**Problem to solve**
In the copy, keep every line below as it is and leave out the pictures.

**Study material**
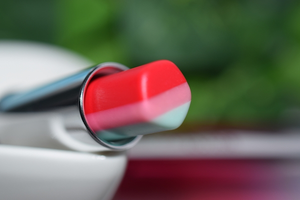 口紅を繰り出してみると、カラーが重なったような構造になっているのにまず驚きます。唇に当てたときに、自然と内側から外側にかけて色が強くなっていくように計算されていますね。
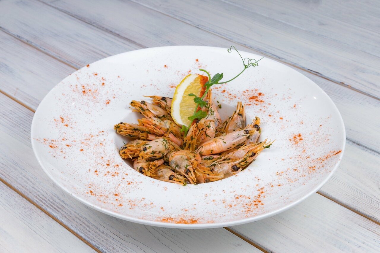 - Вкусные блюда в ресторане (кальмары, фаршированные креветками).
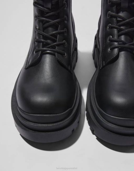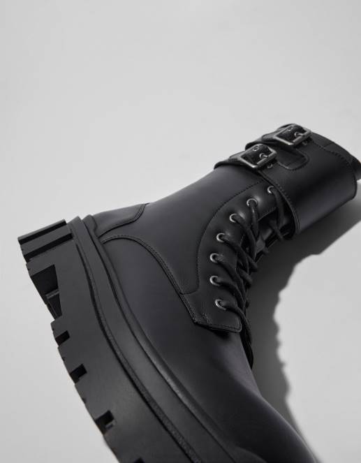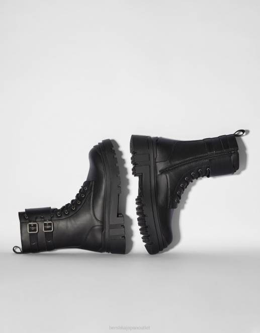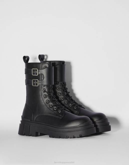 男性 Bershka バックル付きレースアップブーツ 60443462 履物 黒
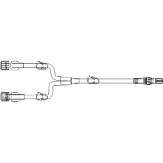 The ICU Medical B1490 is a 9-inch bifuse IV extension set designed to ensure safe and efficient delivery of medication to patients. This set comes with three clamps, two in white and one in blue, to provide secure control over the flow of medication. The rotating luer lock system ensures a secure and leak-proof connection to the IV line. This product is DEHP-free and latex-free, making it safe for use with patients who have latex allergies. Each case contains 50 sets, providing a ready supply for busy healthcare settings.
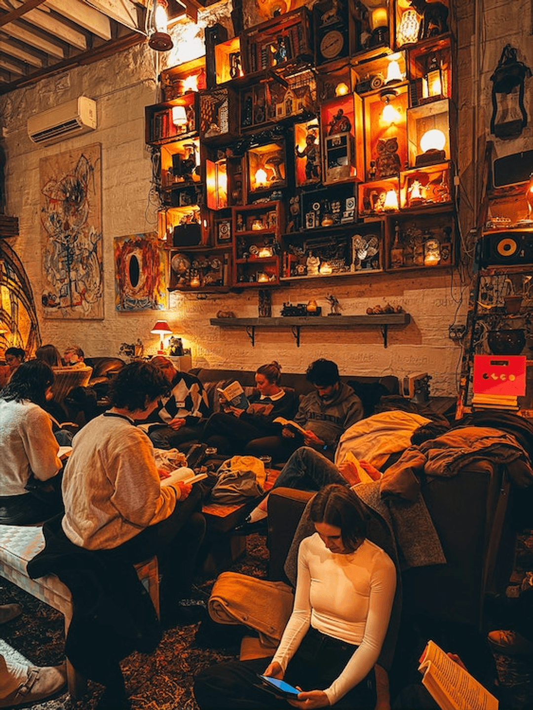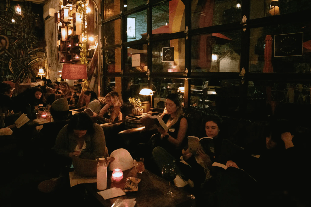与之类似,许多以书为主题的线下空间也开始兴起:书籍酒吧、学术酒吧、面对面的读书沙龙……这正符合社会学家 Ray Oldenburg 在 1989 年创造的术语“第三空间”:家庭和工作之外,供人聚会、社交、寻找真我的空间。
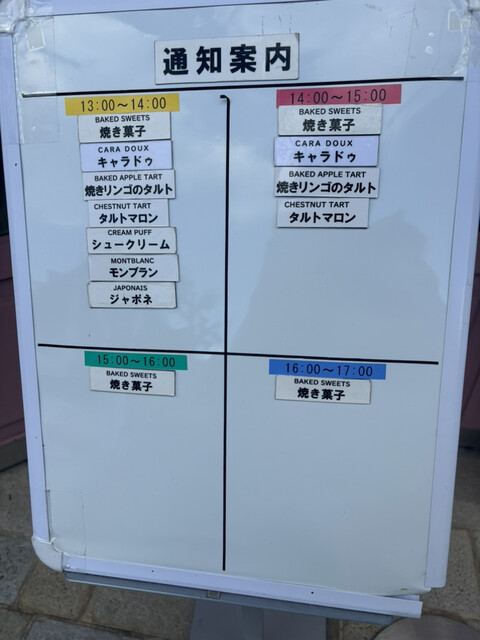 ホワイトボードを見た感じ、1時間の中で 焼き菓子類→キャラドゥ[チョコレートケーキ]→焼きリンゴタルト→タルトマロン→シュークリーム→モンブラン→ジャポネ[ショートケーキ]の順で受け渡しが行われていたようですので、

**Task response**
 口紅を繰り出してみると、カラーが重なったような構造になっているのにまず驚きます。唇に当てたときに、自然と内側から外側にかけて色が強くなっていくように計算されていますね。
 - Вкусные блюда в ресторане (кальмары, фаршированные креветками).
 男性 Bershka バックル付きレースアップブーツ 60443462 履物 黒
 The ICU Medical B1490 is a 9-inch bifuse IV extension set designed to ensure safe and efficient delivery of medication to patients. This set comes with three clamps, two in white and one in blue, to provide secure control over the flow of medication. The rotating luer lock system ensures a secure and leak-proof connection to the IV line. This product is DEHP-free and latex-free, making it safe for use with patients who have latex allergies. Each case contains 50 sets, providing a ready supply for busy healthcare settings.
与之类似,许多以书为主题的线下空间也开始兴起:书籍酒吧、学术酒吧、面对面的读书沙龙……这正符合社会学家 Ray Oldenburg 在 1989 年创造的术语“第三空间”:家庭和工作之外,供人聚会、社交、寻找真我的空间。
 ホワイトボードを見た感じ、1時間の中で 焼き菓子類→キャラドゥ[チョコレートケーキ]→焼きリンゴタルト→タルトマロン→シュークリーム→モンブラン→ジャポネ[ショートケーキ]の順で受け渡しが行われていたようですので、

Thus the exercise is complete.